Ha, it's actually my third uni....I've had a regular one a long time, added a tall one a few years ago...always thought the off road/downhill versions were cool/nuts. When this one popped up I was all over it. Custom built with Profile hub and cranks. Seller even had a second set of legs with a Magura brake mounted for real downhill adventures that he included. The 26 x 3.0 tire is huge.

Steve


----------



## Woodpuppy (May 10, 2014)

Wow. Had no frame of reference for size until you specified the tire size. Looks fun/deadly!


----------



## Rumpfy (Dec 21, 2003)

eastcoaststeve said:


> A bit OT, but still a blast to ride.


Say it ain't so!


----------



## eastcoaststeve (Sep 19, 2007)

Rumpfy said:


> Say it ain't so!


Sorry E,

I guess unis are a don't ask, don't tell kind of thing...kind of like fat girls and mopeds. 

Steve


----------



## Uncle Grumpy (Oct 20, 2005)

eastcoaststeve said:


> I guess unis are a don't ask, don't tell kind of thing...kind of like fat girls and mopeds.

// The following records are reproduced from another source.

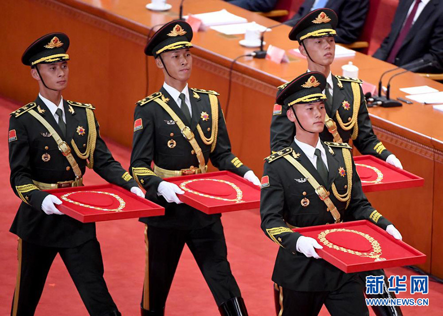 9月8日上午,全國抗擊新冠肺炎疫情表彰大會上,4名禮兵手捧共和國勛章、國家榮譽稱號獎?wù),行進到儀式現(xiàn)場。新華社記者 岳月偉 攝
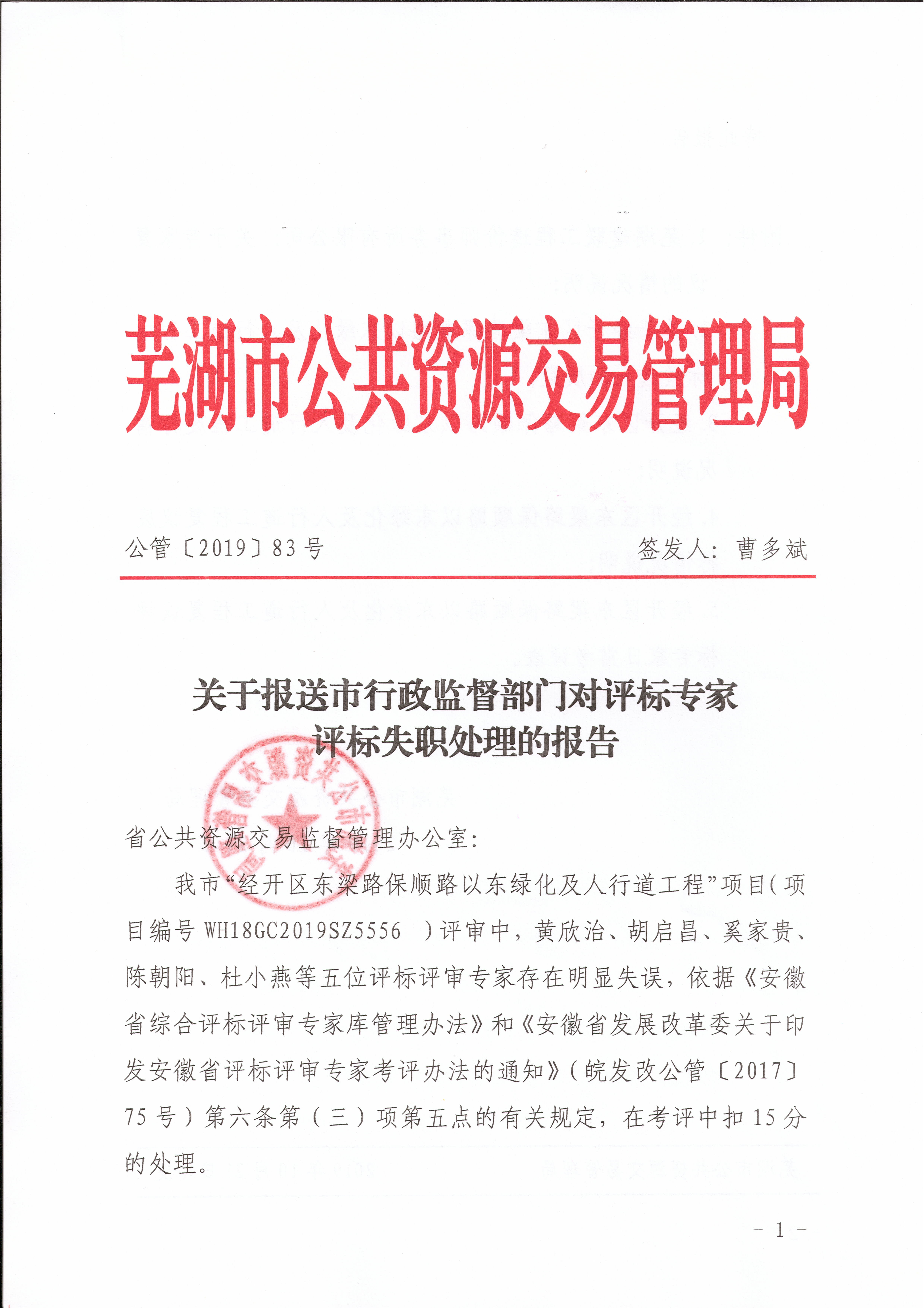 关于对“经开区东梁路保顺路以东绿化及人行道工程”项目评审专家的处理
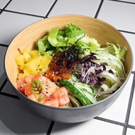 Spoon 1 tablespoon of gochujang sauce over the rice. Arrange segments of lettuce, iceberg lettuce, cucumber, daikon, and salmon on top.
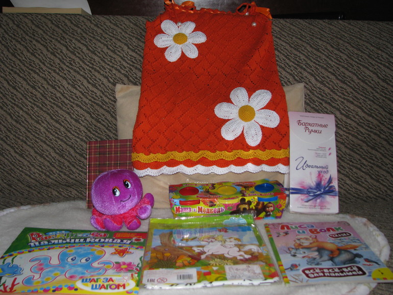 Для Никуси Анюта прислала пальчиковые краски,раскраску и обаятельного осьминога( теперь мы с ним спим - Ника все тащит к себе)))
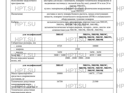 | Исполнение загрузочного пространства | цистерна для воды с пенобаком, пожарно-техническое вооружение и выдвижная лестница (с люлькой или без нее) длиной 18 м или 24 м (кроме 58814Т); кузов с напорными рукавами и пожарно-техническим вооружением (для 58814Т) |
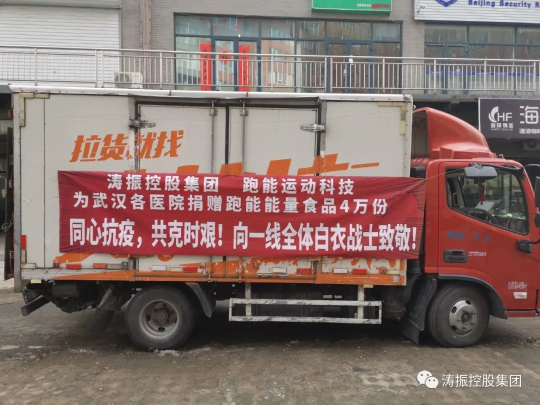 涛振控股旗下的北京跑能运动科技有限公司,正是一家专业提供运动营养食品的科技型企业。在毕雪涛董事长的协调下,跑能公司以最快的速度筹集出多种口味的共计4万份能量食品,市场价值30余万元,涛振控股也第一时间联系到了武汉的多家新冠肺炎定点收治医院和当地“抗疫”志愿者。

Vintage mopeds are okay. Vintage fat girls... not so.*

Grumps

* Mods... it's okay, I'll ban myself for that outburst of political incorrectness...


----------



## Woodpuppy (May 10, 2014)

Uncle Grumpy said:


> I'll ban myself for that outburst of political incorrectness...


I'd rather see you banned for outbursts of TOO PC-ness!


----------



## Woodpuppy (May 10, 2014)

Henry Chinaski said:


> I bought my green Mojo new in '95 I think. Pretty sure it was the first year of 1 1/8th. My favorite steel hardtail ever. Would never part with it. Was stoked to find this one on eBay. Will post pics of the siblings when I get it.

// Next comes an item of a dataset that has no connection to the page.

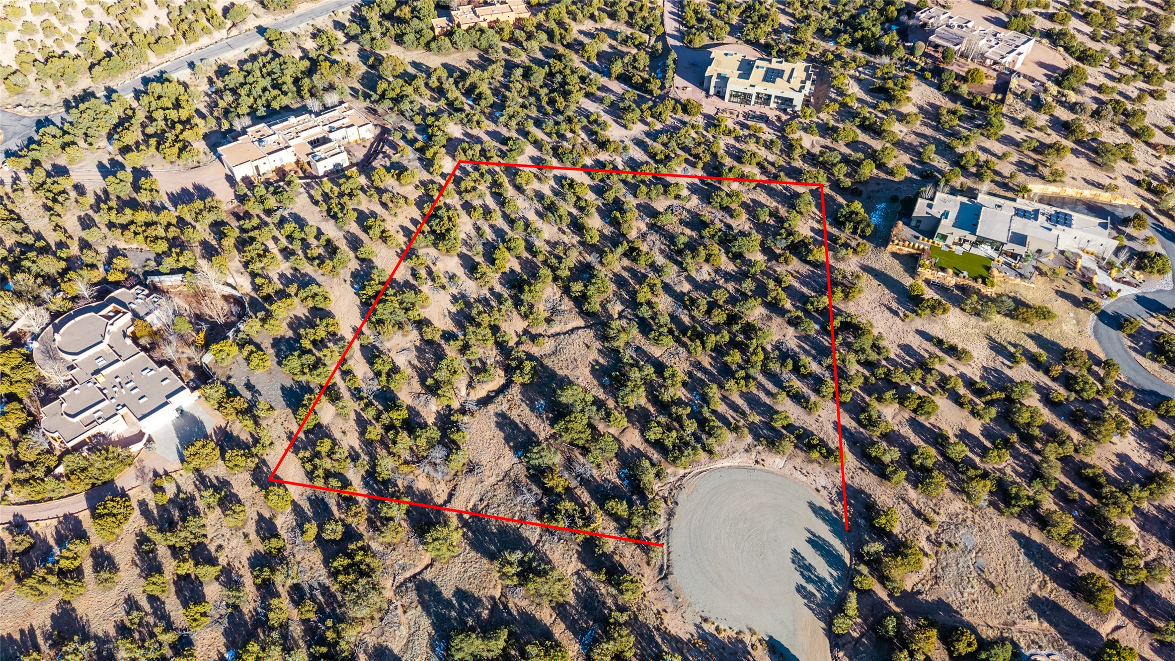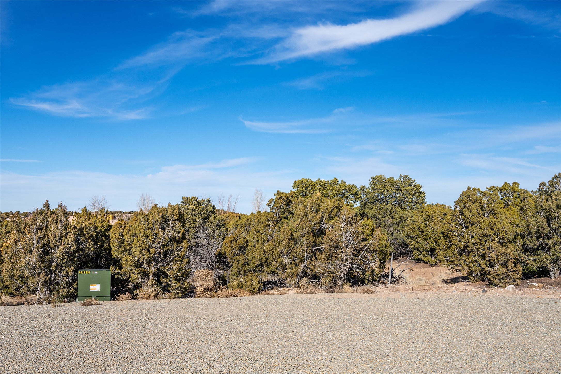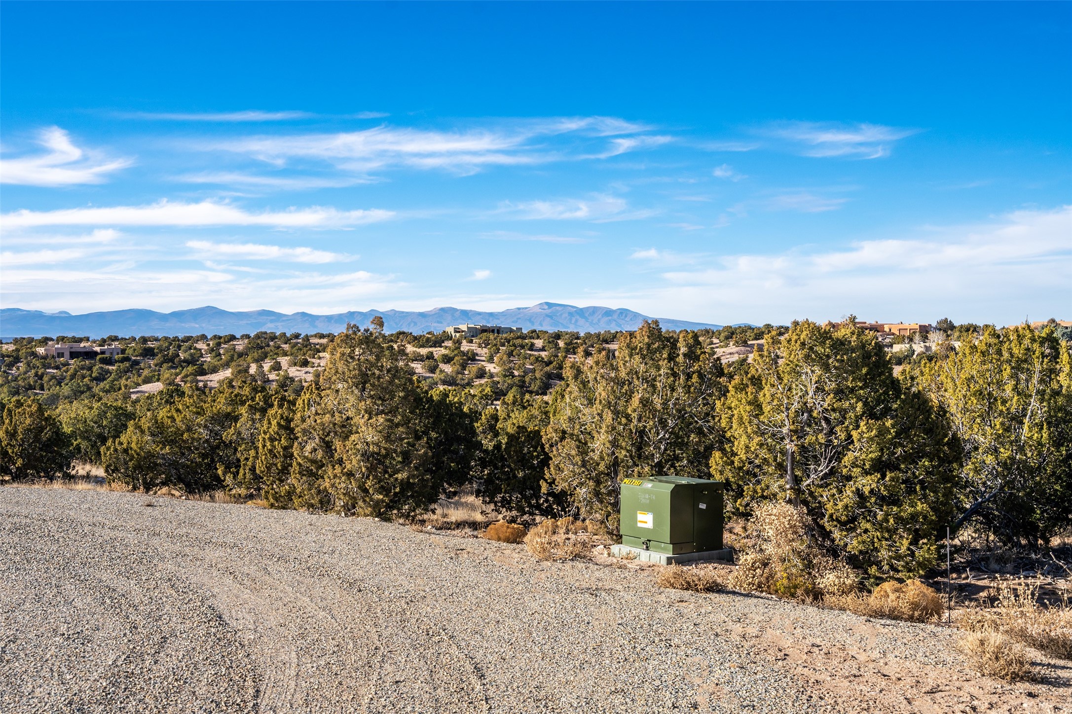 This gorgeous 2.5 acres plot sits at the end of quiet cul de sac and features a gentle slope and panoramic views of the Jemez mountains. Serene and tranquil, yet only minutes from downtown- this lot is an ideal location to build your dream home.Price includes a membership to the much desired Las Campanas Country Club. There is a Newly installed transformer on site. No HOA. Shared well.

I bought my purple frame new while working at a local shop in '98. Got the orange one late last year. Was thrilled to find it on eBay. The only ibis I've seen in person were those which two of us at the shop ordered. I need to strart a thread for my pair. Don't see a ton of love for the late 90s mojos before ibis got reinvented and they forgot how to weld steel.


----------



## colker1 (Jan 6, 2004)

Woodpuppy said:


> I bought my purple frame new while working at a local shop in '98. Got the orange one late last year. Was thrilled to find it on eBay. The only ibis I've seen in person were those which two of us at the shop ordered. I need to strart a thread for my pair. Don't see a ton of love for the late 99s mojos before ibis got reinvented and they forgot how to weld steel.

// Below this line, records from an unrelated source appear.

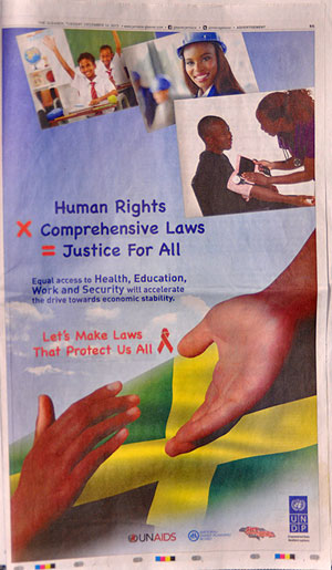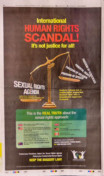 This slick full-page ad by the homosexual movement appeared in Jamaican newspapers, meant to soften the public on the "human rights" and "justice" aspects of repealing the Buggery Law. Note the logos for United Nations-affiliated groups on the bottom, which appear to be funding this campaign. |
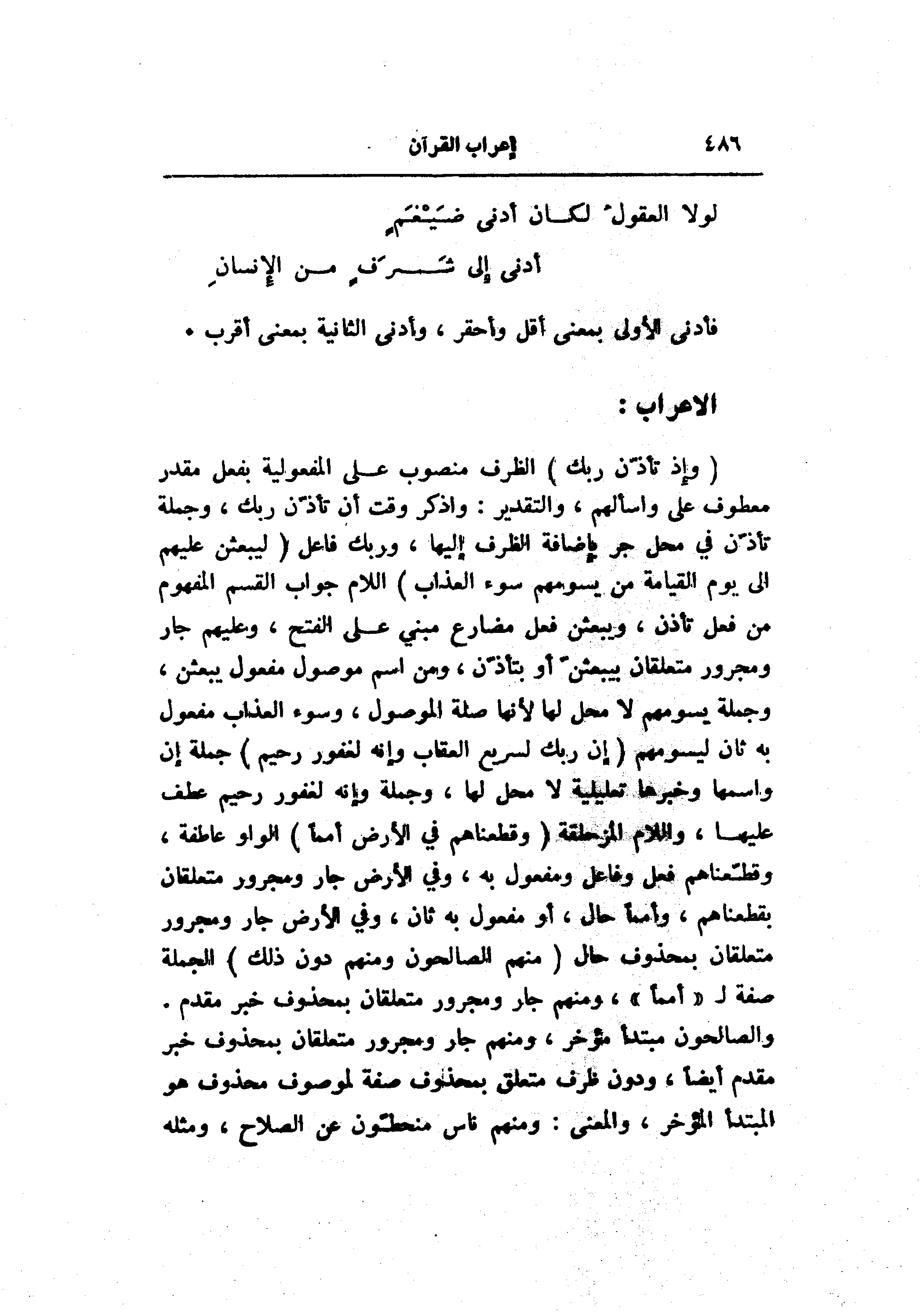 (وَإِذْ تَأَذَّنَ رَبُّكَ) الظرف منصوب على المفعولية بفعل مقدر معطوف على واسألهم، والتقدير: واذكر وقت أن تأذّن ربك، وجملة تأذّن في محل جر بإضافة الظرف إليها، وربك فاعل (لَيَبْعَثَنَّ عَلَيْهِمْ إِلى يَوْمِ الْقِيامَةِ مَنْ يَسُومُهُمْ سُوءَ الْعَذابِ) اللام جواب القسم المفهوم من فعل تأذن، ويبعثن فعل مضارع مبني على الفتح، وعليهم جار ومجرور متعلقان بيبعثنّ أو بتأذّن، ومن اسم موصول مفعول يبعثن، وجملة يسومهم لا محل لها لأنها صلة الموصول، وسوء العذاب مفعول به ثان ليسومهم (إِنَّ رَبَّكَ لَسَرِيعُ الْعِقابِ وَإِنَّهُ لَغَفُورٌ رَحِيمٌ) جملة إن واسمها وخبرها تعليلية لا محل لها، وجملة وإنه لغفور رحيم عطف عليها، واللام المزحلقة (وَقَطَّعْناهُمْ فِي الْأَرْضِ أُمَماً) الواو عاطفة، وقطّعناهم فعل وفاعل ومفعول به، وفي الأرض جار ومجرور متعلقان بقطعناهم، وأمما حال، أو مفعول به ثان، وفي الأرض جار ومجرور متعلقان بمحذوف حال (مِنْهُمُ الصَّالِحُونَ وَمِنْهُمْ دُونَ ذلِكَ) الجملة صفة ل «أمما» ، ومنهم جار ومجرور متعلقان بمحذوف خبر مقدم.
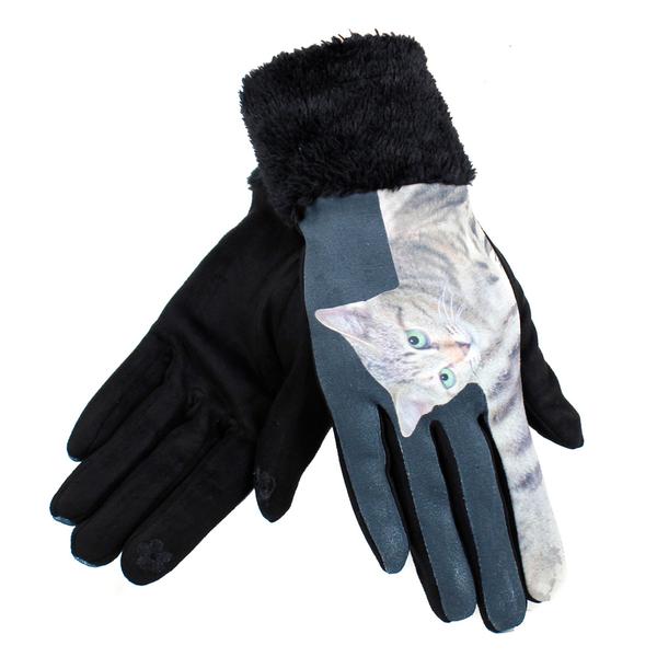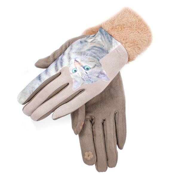 Сенсорные перчатки с кошкой (имитация замши)
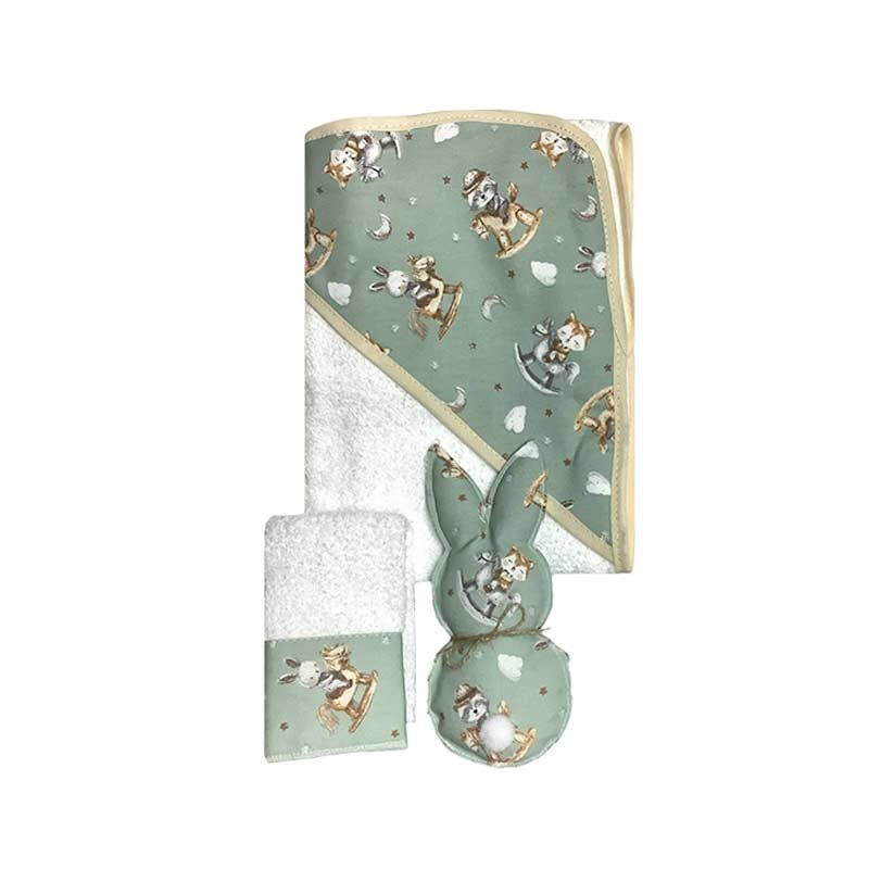 Set de nacimiento por 3 tusor estampado.

Start a thread for your Ibis and i wil take new pics of my 00 and post it.


----------



## Henry Chinaski (Feb 26, 2006)

Woodpuppy said:


> I bought my purple frame new while working at a local shop in '98. Got the orange one late last year. Was thrilled to find it on eBay. The only ibis I've seen in person were those which two of us at the shop ordered. I need to strart a thread for my pair. Don't see a ton of love for the late 99s mojos before ibis got reinvented and they forgot how to weld steel.


After Sebastopol there was a brief time in Santa Rosa, right? And then didn't they switch over to Carl Strong's shop for a while there? And when did they loose the hand job?

You want to start an official steel Ibis Mojo thread or should I? Hope to have my purple one next week.


----------



## Chadio (Jun 26, 2015)

Goat_keeper said:


> View attachment 962941


I remember when I first go into mtb around 1995, and saw a pic of a super - v and thought "That is the coolest thing ever!! But - I don't know if I'll ever spend that much on a bicycle"

Just bought a '98 Super V500, this past Father's Day... still tinkering with it, can't wait to ride it (still nursing a broken leg)


----------



## colker1 (Jan 6, 2004)

Henry Chinaski said:


> After Sebastopol there was a brief time in Santa Rosa, right? And then didn't they switch over to Carl Strong's shop for a while there? And when did they loose the hand job?
> 
> You want to start an official steel Ibis Mojo thread or should I? Hope to have my purple one next week.


After sebastopol came th "sonoma county" decal.. in 00 there was no more hand job and those ugly add on pannels instead of the pretty decals. no clear coat and a softer price. Then they were made by Carl Strong for one season i believe. Your mojo has a 72º seat angle while the 00 ones have 73º. Don't know how much of those numbers translates into the real experience.


----------



## girlonbike (Apr 24, 2008)

Henry Chinaski said:


> You want to start an official steel Ibis Mojo thread or should I? Hope to have my purple one next week.


Try here for steel Ibis mojos: http://forums.mtbr.com/vintage-retro-classic/official-ibis-thread-729072.html

year 2000 bikes will be moved to the Ibis forum.


----------



## Henry Chinaski (Feb 26, 2006)

girlonbike said:


> Try here: http://forums.mtbr.com/vintage-retro-classic/official-ibis-thread-729072.html


Oops, didn't see that. Just started one for steel Mojos


----------



## girlonbike (Apr 24, 2008)

Henry Chinaski said:


> Oops, didn't see that. Just started one for steel Mojos


That's alright. It needed a little love and happy to see it's revival. Merged your post with that thread. I like your mojo, Henry.


----------



## girlonbike (Apr 24, 2008)

eastcoaststeve said:


> A bit OT, but still a blast to ride.
> 
> 
> 
> Steve


jesus, Steve. Although if we ran a poll for Most Likely to Own Unicycles, you probably would have won.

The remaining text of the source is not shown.